Background and Aims
Early‐term birth between 37 and 38 weeks of gestation increases the risk of mortality and morbidity. This study investigated the status and impact of early‐term birth among neonates born by cesarean section in Japan.
Methods
All singleton live births that had data of gestational age at birth available in the Japan Environment and Children's Study (JECS), a nationwide birth cohort study launched in 2011, were eligible for this study. Neonates born by cesarean delivery at term without indications for early delivery were included to examine the association between early‐term birth and respiratory distress at birth. The gestational age at birth was categorized as 37 weeks 0 day to 38 weeks 6 days (early‐term), 39 weeks 0 day to 40 weeks 6 day (full‐term), and 41 weeks 0 day to 41 weeks 6 days (late‐term). Respiratory distress at birth included respiratory distress syndrome, transient tachypnea, and difficulty in breathing after birth. Univariable and multivariable analyses were performed using logistic regression models with a two‐tailed significance level of 5%. All statistical analyses were performed using SAS, version 9.4, for Windows (SAS Institute, Cary, NC).
Results
In total, 32 078 of 100 011 (32.1%) neonates had early‐term birth.
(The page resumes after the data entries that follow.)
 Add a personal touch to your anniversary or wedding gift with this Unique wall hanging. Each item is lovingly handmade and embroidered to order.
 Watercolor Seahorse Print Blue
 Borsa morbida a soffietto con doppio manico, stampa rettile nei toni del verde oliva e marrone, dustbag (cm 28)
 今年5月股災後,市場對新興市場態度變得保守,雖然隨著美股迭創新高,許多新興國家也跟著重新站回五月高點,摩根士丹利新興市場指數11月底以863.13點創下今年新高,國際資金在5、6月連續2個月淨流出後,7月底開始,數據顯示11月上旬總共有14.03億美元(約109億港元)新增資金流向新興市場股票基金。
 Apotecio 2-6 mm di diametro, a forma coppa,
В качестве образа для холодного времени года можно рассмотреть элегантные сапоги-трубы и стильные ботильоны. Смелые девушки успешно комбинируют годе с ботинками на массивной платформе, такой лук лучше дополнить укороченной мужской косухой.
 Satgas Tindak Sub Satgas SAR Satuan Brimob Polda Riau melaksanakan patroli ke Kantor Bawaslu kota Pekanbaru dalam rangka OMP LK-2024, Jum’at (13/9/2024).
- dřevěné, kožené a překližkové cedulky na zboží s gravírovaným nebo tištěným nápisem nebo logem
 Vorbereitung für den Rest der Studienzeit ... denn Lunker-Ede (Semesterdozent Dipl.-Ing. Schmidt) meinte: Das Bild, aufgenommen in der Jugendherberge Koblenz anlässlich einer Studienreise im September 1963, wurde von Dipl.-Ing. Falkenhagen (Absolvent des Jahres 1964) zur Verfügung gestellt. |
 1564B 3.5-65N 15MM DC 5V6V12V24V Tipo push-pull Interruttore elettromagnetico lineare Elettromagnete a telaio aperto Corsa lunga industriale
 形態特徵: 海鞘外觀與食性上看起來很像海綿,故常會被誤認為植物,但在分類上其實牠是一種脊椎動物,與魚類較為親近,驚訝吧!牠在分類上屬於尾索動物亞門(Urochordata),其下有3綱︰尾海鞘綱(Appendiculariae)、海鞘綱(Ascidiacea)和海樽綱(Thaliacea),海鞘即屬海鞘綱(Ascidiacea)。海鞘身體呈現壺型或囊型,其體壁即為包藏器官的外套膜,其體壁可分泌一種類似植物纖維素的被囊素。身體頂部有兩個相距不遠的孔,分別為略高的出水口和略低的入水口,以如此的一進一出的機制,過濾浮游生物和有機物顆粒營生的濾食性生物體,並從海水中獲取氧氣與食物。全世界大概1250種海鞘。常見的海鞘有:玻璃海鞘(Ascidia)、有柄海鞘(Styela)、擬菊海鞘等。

At 37 gestational weeks, 49.7% of the deliveries were via cesarean section, and half of the cesarean deliveries were due to a previous cesarean section. Among the 10 051 neonates born by elective cesarean delivery at term, neonates with early‐term births were more likely to have respiratory distress at birth (adjusted odds ratio: 4.19; 95% confidence interval, 1.70, 10.34) than those born at full term.
Conclusions
Early‐term birth is associated with a high risk of respiratory distress in births involving cesarean delivery without indication for early delivery. There is a need for guidelines for early delivery considering adverse effects of early‐term births.